Following bash script demonstrates two different ways to get user's input. One is echo & read and other combines both with read -p option.
#!/bin/bash
# echo and read
echo -n "Enter your name: "
read name
echo "How are you, $name?"
# read -p option
read -p "Enter your name: " name
echo "How are you, $name?"
# read -p with multiple input values
read -p "Enter three numbers: " x y z
echo "$x + $y + $z = $(( x + y + z ))"
Following is the "read" documentation as reference:
read [-ers] [-u fd] [-t timeout] [-a aname] [-p prompt] [-n nchars] [-d delim] [name ...]
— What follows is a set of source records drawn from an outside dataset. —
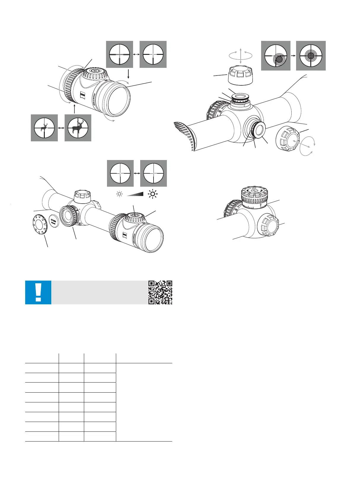 de la compensation dioptrique (2). La cible, tout comme le réticule, doit être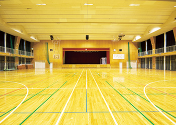 バスケットコートが2面とれる広いフロア。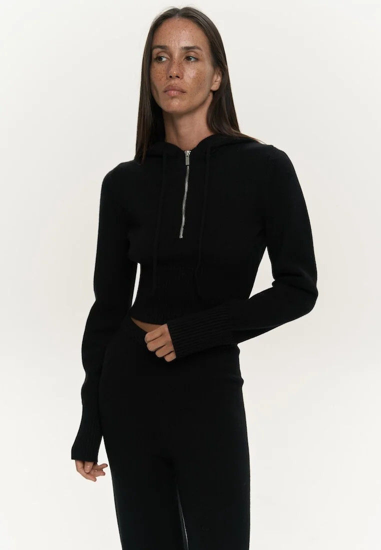 Костюм из брюки и укороченного худи с молнией и капюшоном.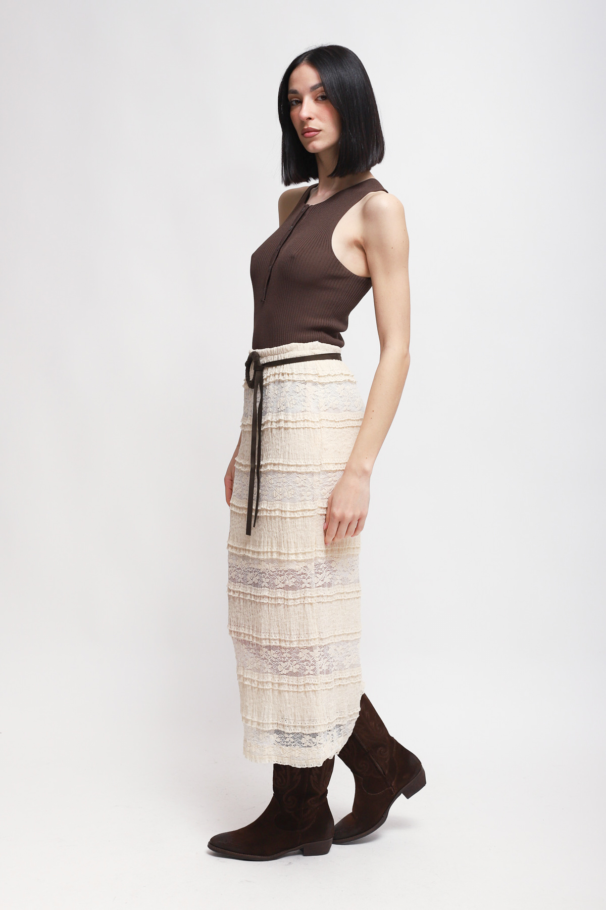 HOME > CLOTHING > SKIRTS > GONNA LUNGA IN PIZZO CON CINTURA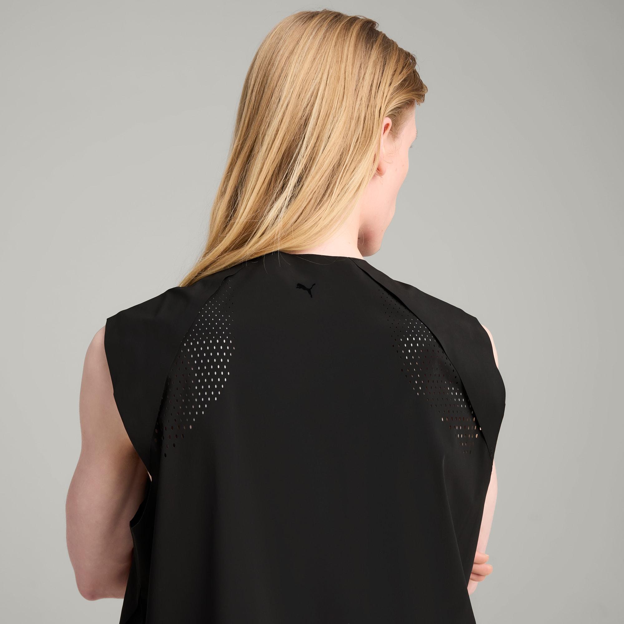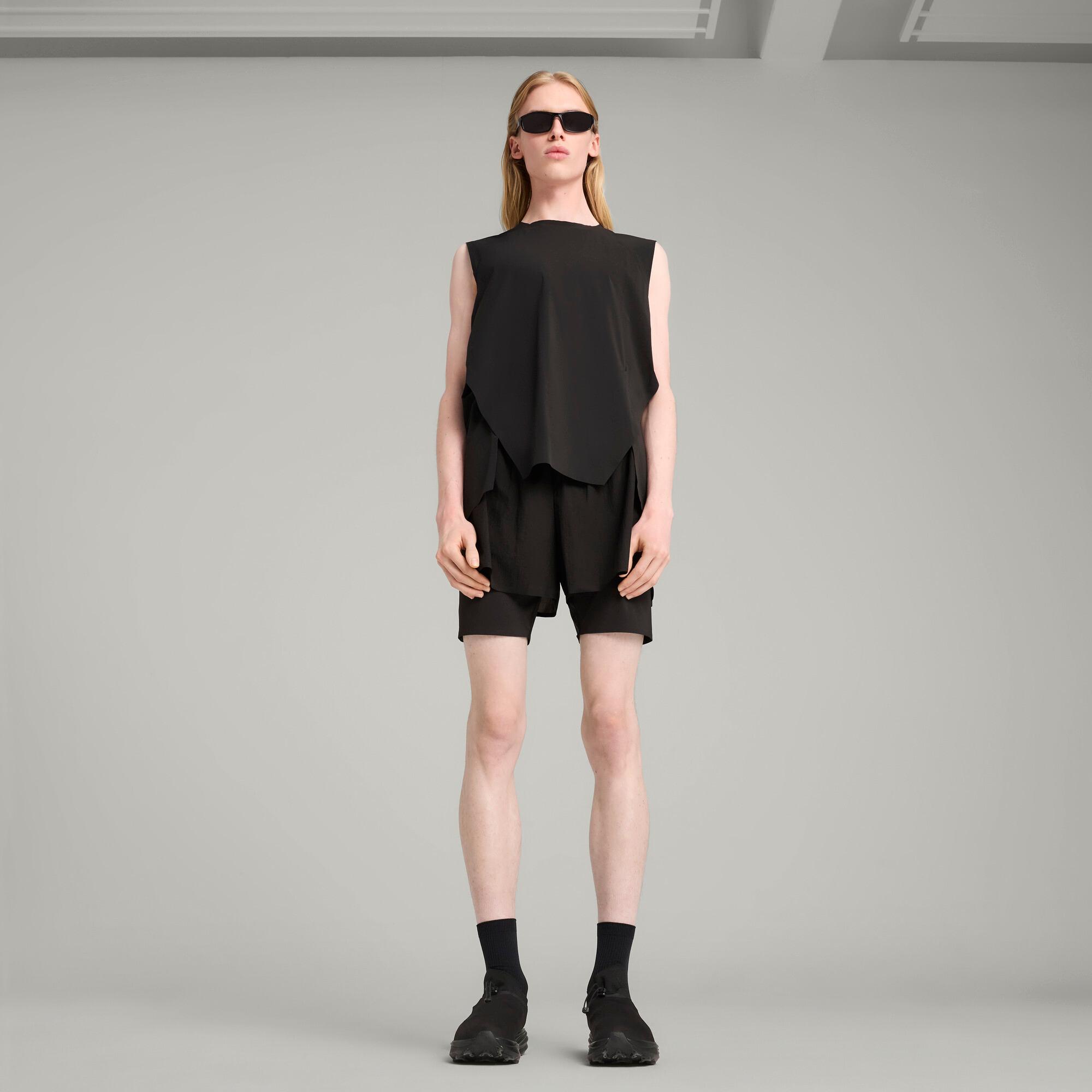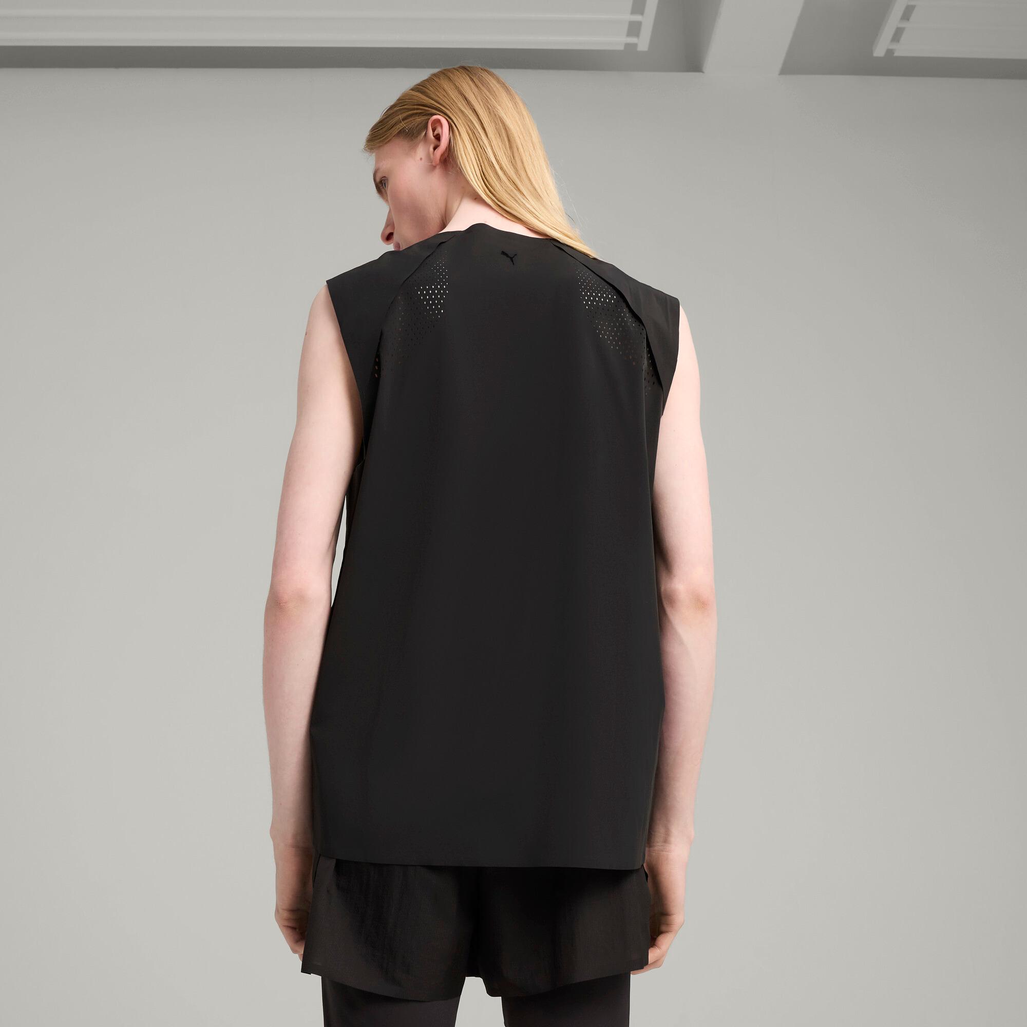 This season's edition of PUMA x HELIOT EMIL is a progressive collab fusing trail running and fashion. Hybridizing PUMA's performance heritage with Heliot Emil's industrial monochromatic vision, materials are both lightweight and functional. Part of the collection, this vest top features laser-cut bonded seams for less friction and more comfort. The perfect statement layering piece for your wardrobe.

One line is read from the standard input, or from the file descriptor fd supplied as an argument to the -u option, and the first word is assigned to the first name, the second word to the second name, and so on, with leftover words and their intervening separators assigned to the last name. If there are fewer words read from the input stream than names, the remaining names are assigned empty values. The characters in IFS are used to split the line into words. The backslash character (\) may be used to remove any special meaning for the next character read and for line continuation. Options, if supplied, have the following meanings:
-a aname
The words are assigned to sequential indices of the array variable aname, starting at 0. aname is unset before any new values are assigned. Other name arguments are ignored.
-d delim
The first character of delim is used to terminate the input line, rather than newline.
-e If the standard input is coming from a terminal, readline (see READLINE above) is used to obtain the line.
-n nchars
read returns after reading nchars characters rather than waiting for a complete line of input.
-p prompt
Display prompt on standard error, without a trailing newline, before attempting to read any input. The prompt is displayed only if input is coming from a terminal.
-r Backslash does not act as an escape character. The backslash is considered to be part of the line. In particular, a backslash-newline pair may not be used as a line continuation.
-s Silent mode. If input is coming from a terminal, characters are not echoed.
-t timeout
Cause read to time out and return failure if a complete line of input is not read within timeout seconds. This option has no effect if read is not reading input from the terminal or a pipe.
-u fd Read input from file descriptor fd.
If no names are supplied, the line read is assigned to the variable REPLY. The return code is zero, unless end-of-file is encountered, read times out, or an invalid file descriptor is supplied as the argument to -u.